Some documentation first
Having a clean python environment:
An introduction to neural networks and deep learning:
Extracting vocals from music
Syllable segmentation
Symbolic methods
Machine Learning & Deep Learning methods
Using CNNs on spectrogram images (Schlüter, Böck, 2014) :
Aligning lyrics to song (Jiawen Huang, Emmanouil Benetos, Sebastian Ewert, 2022)
Other methods
Other stuff goes here
Syllable recognition
If we ever want to use an AI to identify syllables without a reference lyrics file
Installation
Requirements
- MKVToolnix (at least the CLI utils)
- Python >= 3.8
Optional :
- PyTorch for custom model training : follow the instructions here
All other python modules can be installed directly through pip, see further.

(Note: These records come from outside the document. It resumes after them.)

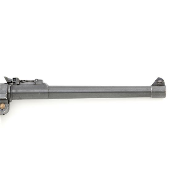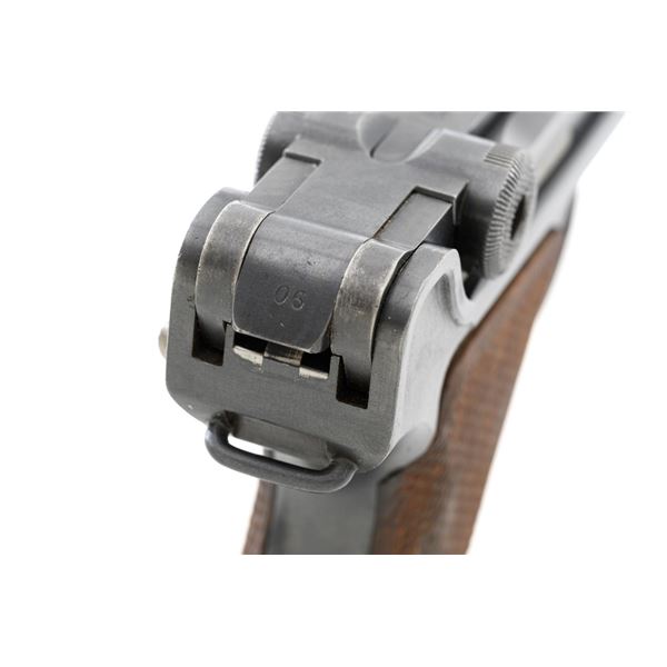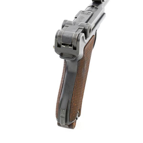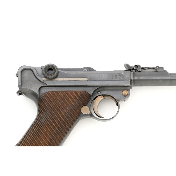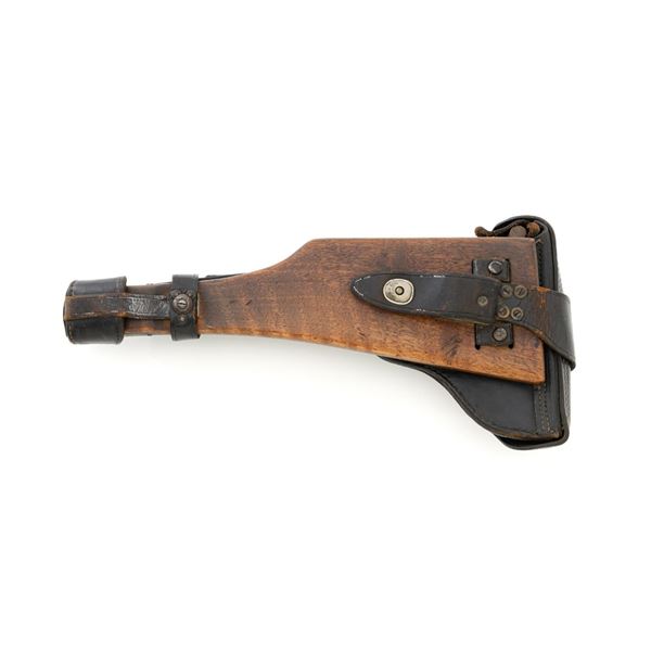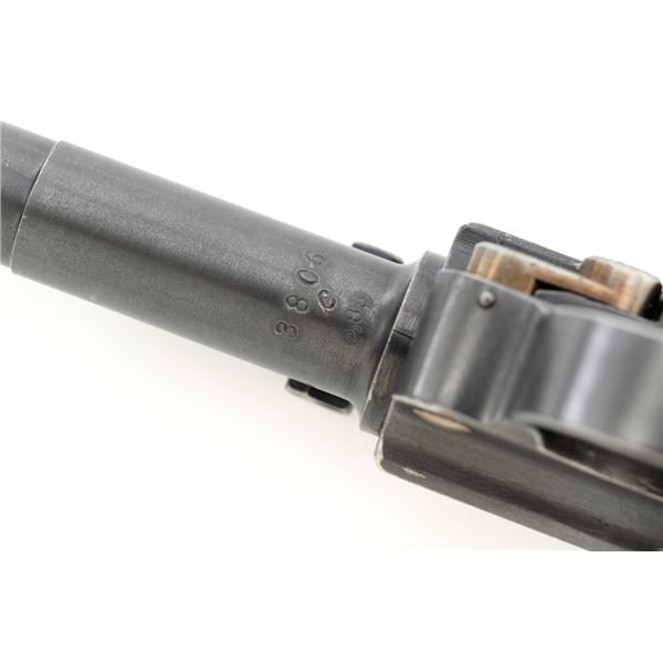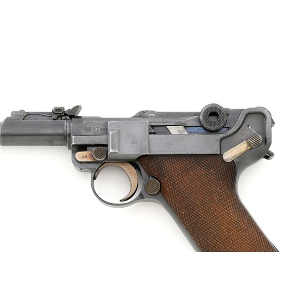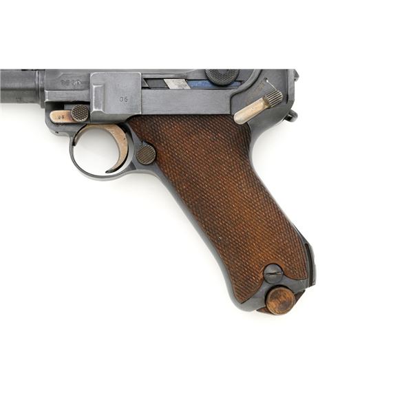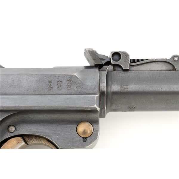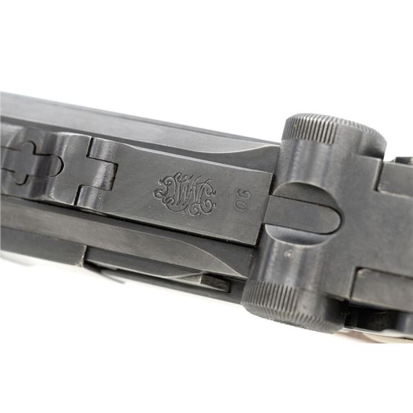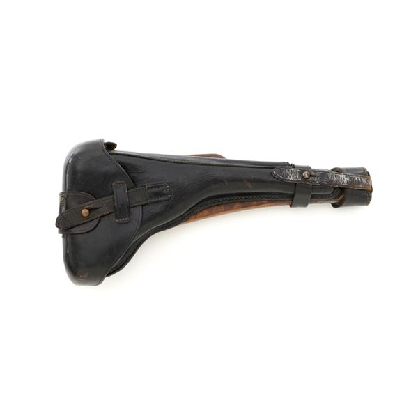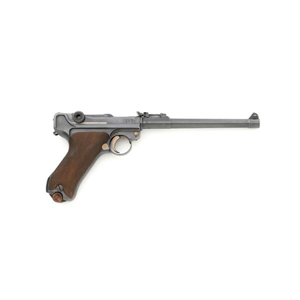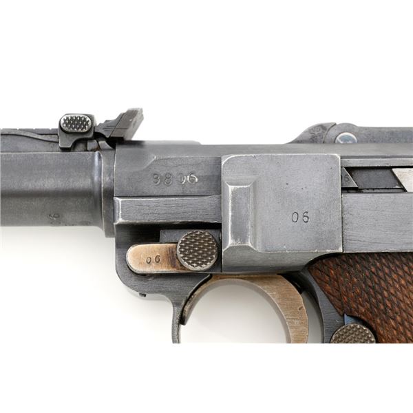 WWI 1917 Dated DWM Artillery Luger with Stock, Holster, and Tools, #3806c, 9mm cal., 8" barrel, blued finish, straw colored small parts, checkered walnut grips, inverted-"V" front sight, adjustable tangent rear sight with small "V"-notched groove, and stock lug. Includes one blued steel magazine with wood base; base is numbered and matching but in large font. Pistol is marked "DWM" on the toggle with "1917" date on the chamber. Right side of receiver with three "crowned" gothic letters and Imperial firing proof. Right side of rear sight base also with firing proof. All visible numbers matching, including the back of each grip. Includes non-matching wood stock, black leather holster, cleaning rod, and takedown tool. Stock is numbered "156f" and is in good condition, with scattered dents and scratches. One of the leather straps attached to the stock has a nickel plated "Lift This Side" snap. Black leather holster has an illegible makers stamp on inside of the flap over "Berlin/191?" and the name "F.C. Foss" scratched into the surface. Inside of the body with Bekleidungsamt des Armeekorps "B.A. III" stamp. Holster is also in good condition, showing honest age and wear, with moderate cracking and creasing to the leather, stitching is not frayed or loose. Pistol is in fine condition overall, retaining approx. 93% original blue, with expected light handling marks. Edge wear accounts for much of the finish loss. Approx. 80%-85% straw colors are present on the small parts. Grips show moderate age and wear, especially on the right panel, which has some darkening and flattening of the checkering detail. Action and hold open function properly. Bore rates near excellent overall and is bright throughout with well-defined rifling. Magazine body shows moderate rub wear, small dents, and scratches to the base. Est.: $1,800-2,400. (C&R/PPT)
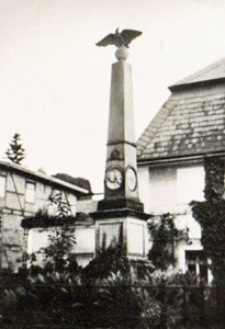 Denkmal für die Gefallenen des Krieges 1870/71: abgestufter schmaler Obelisk mit krönendem Adler. Unten Widmungs- und Namenstafeln und darüber Plaketten mit Portraits von Kaiser Wilhelm I. und anderer Persönlichkeiten.
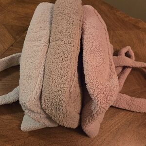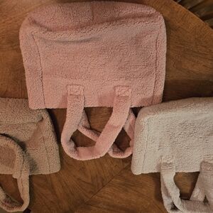 Set of 3 stylish sherpa tote bags. Available in soft pink, gray, and tan, it's perfect for any casual outing. Enjoy the plush texture and roomy interior for all your essentials. Originally $13 each. Lightly used. No tears, stains, or obvious wear.
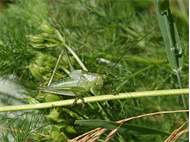 Zwitscherschreckenlarve am 01.07.2014 auf einem Glashütter Wiesenhang
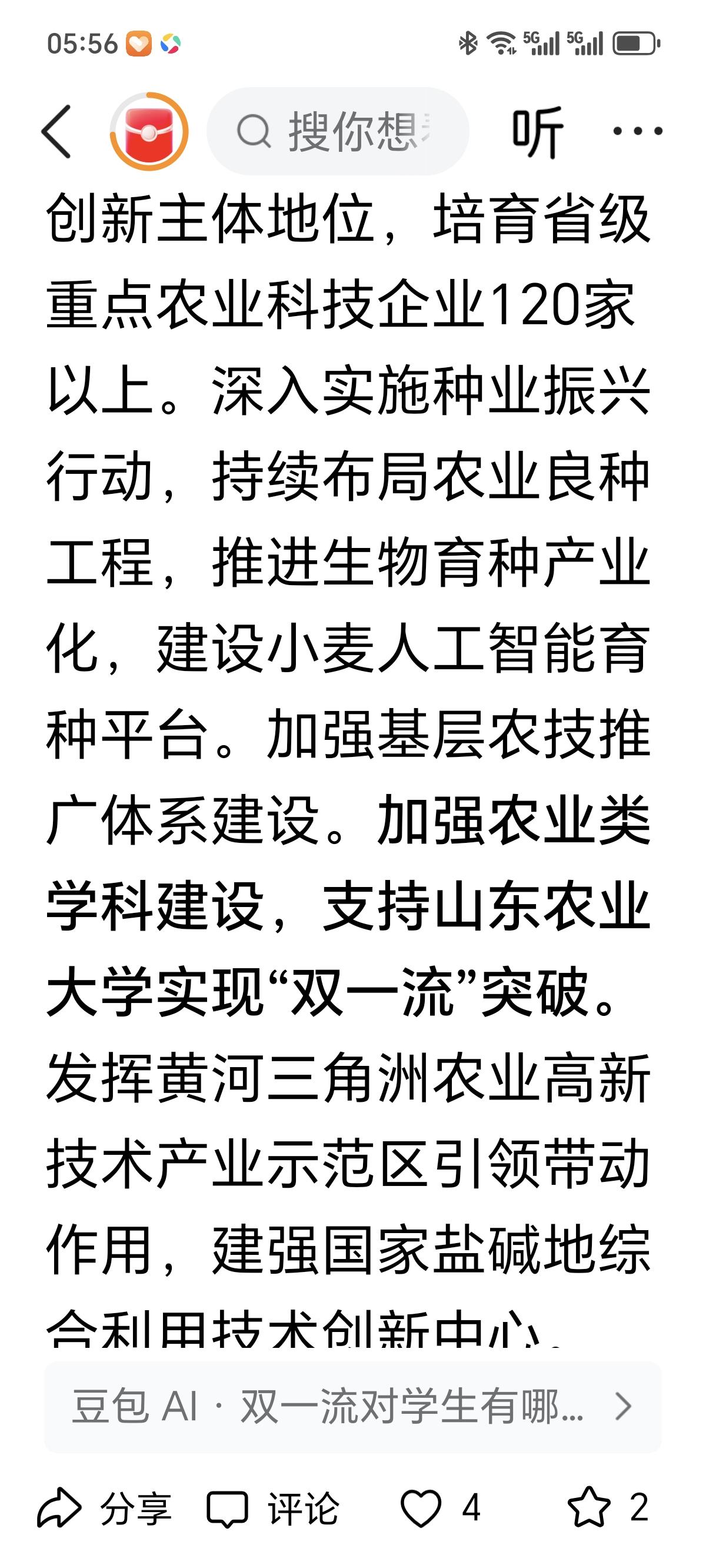 还是江苏会来事,现看到山东省委1号文件,清晰明确地表明支持山东农业大学争创第三轮
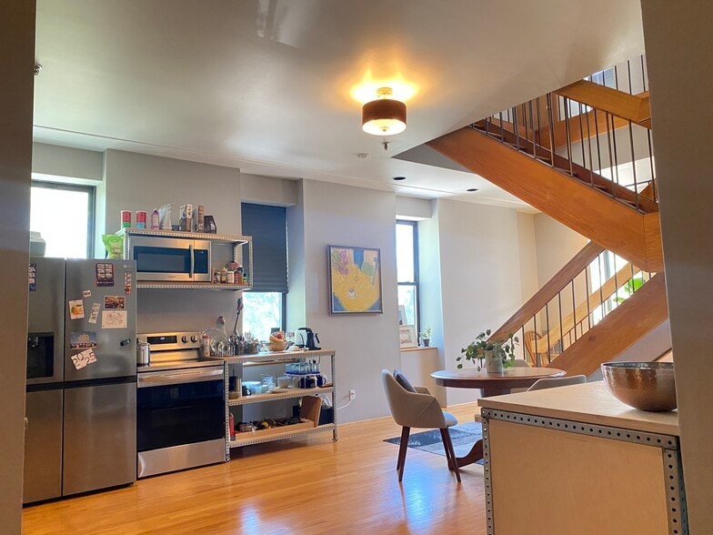 Skyline View of Downtown St Louis. Quiet dead end street in Historic Frenchtown of downtown St Louis with homes dating back to 1840. This high ceiling 3 story condo has 3 large bedrooms and a 4th loft space. Fully furnished with 3 queen beds and one king bed. Family room with huge leather couch and 60" Ultra HD Flatscreen. Keypad private entry. Two decks with views every way of downtown. Two car garage parking for an extra monthly fee.
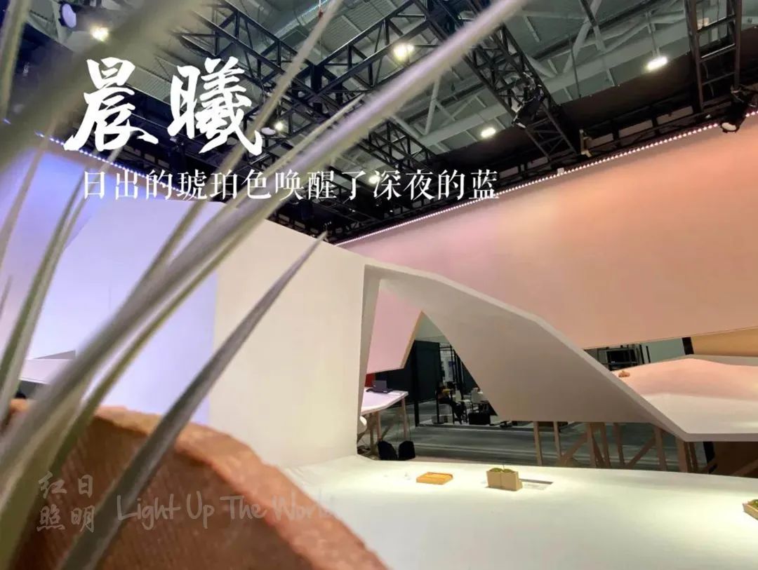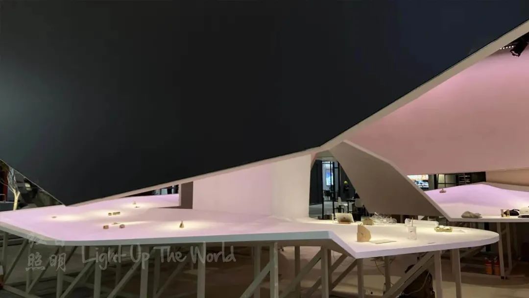 对于展位的功能属性,射灯的照明突出了展品,引导参观者的视线集中在展品上,通过灯光明暗来做心理暗示。借以起伏的山丘,有层次的光环境,舒适的影子让整个花园更具备空间性。
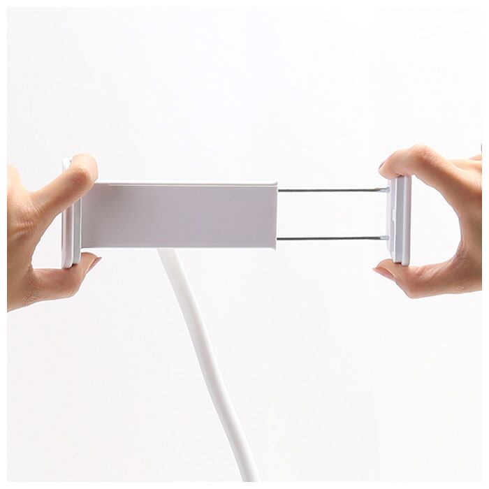 ・また、ホルダー両サイドから充電ケーブルやイヤフォンケーブルが取り付けられるため、充電しながらの動画視聴や、音楽鑑賞もラクラク楽しめる。
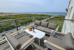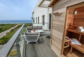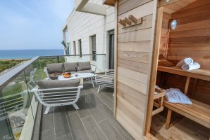 האטרקציה המרכזית היא מרפסת נוף גדולה עם פינת ישיבה וג'קוזי מול הים. במתחם החיצוני גם מיטות שיזוף, פינת ישיבה, מטבח חיצוני, עמדת ברביקיו ונוף מרהיב. רשימת הפינוקים של הדירה כוללת גם סאונה יבשה.

This project requires at least Python 3.8, and using a virtual environment is strongly recommended. To install the dependencies, execute in the project directory :
$ python -m venv env # create the virtual environment, do it once
$ source env/bin/activate # use the virtual environement
# Install the required python modules
$ pip install -r requirements.txt
# To exit the virtual environment
$ deactivate
Having a CUDA-capable GPU is optional, but can greatly reduce processing time in some situations.
Use
Autokara
To use Autokara, you need :
- A media file of the song (video, or pre-extracted vocals)
- An ASS file with the lyrics, split by syllable
To execute AutoKara on a MKV video file and an ASS file containing the lyrics (ASS will be overwritten):
$ python autokara.py video.mkv lyrics.ass
To output to a different file (and keep the original) :
$ python autokara.py video.mkv lyrics.ass -o output.ass
To execute AutoKara on a (pre-extracted) WAV (or OGG, MP3, ...) vocals file, pass the --vocals
flag :
$ python autokara.py vocals.wav output.ass --vocals
Useful scripts
To only extract .wav audio from a MKV file :
$ ./extractWav.sh source_video output_audio
To only extract .ass sub file from a MKV file :
$ ./extractAss.sh source_video output_subs
To only separate vocals from instruments in an audio file :
demucs --two-stems=vocals -o output_folder audio_file.wav
Batch preprocessing (vocals + ASS extraction) of all videos in a directory :
$ ./preprocess_media.sh video_folder output_folder
A visualization tool, mainly intended for debug. Does the same as autokara.py, but instead of writing to a file, plots a graphic with onset times, spectrogram, probability curves,... Does not work on video files, only separated vocals audio files
$ python plot_syls.py vocals.wav lyrics.ass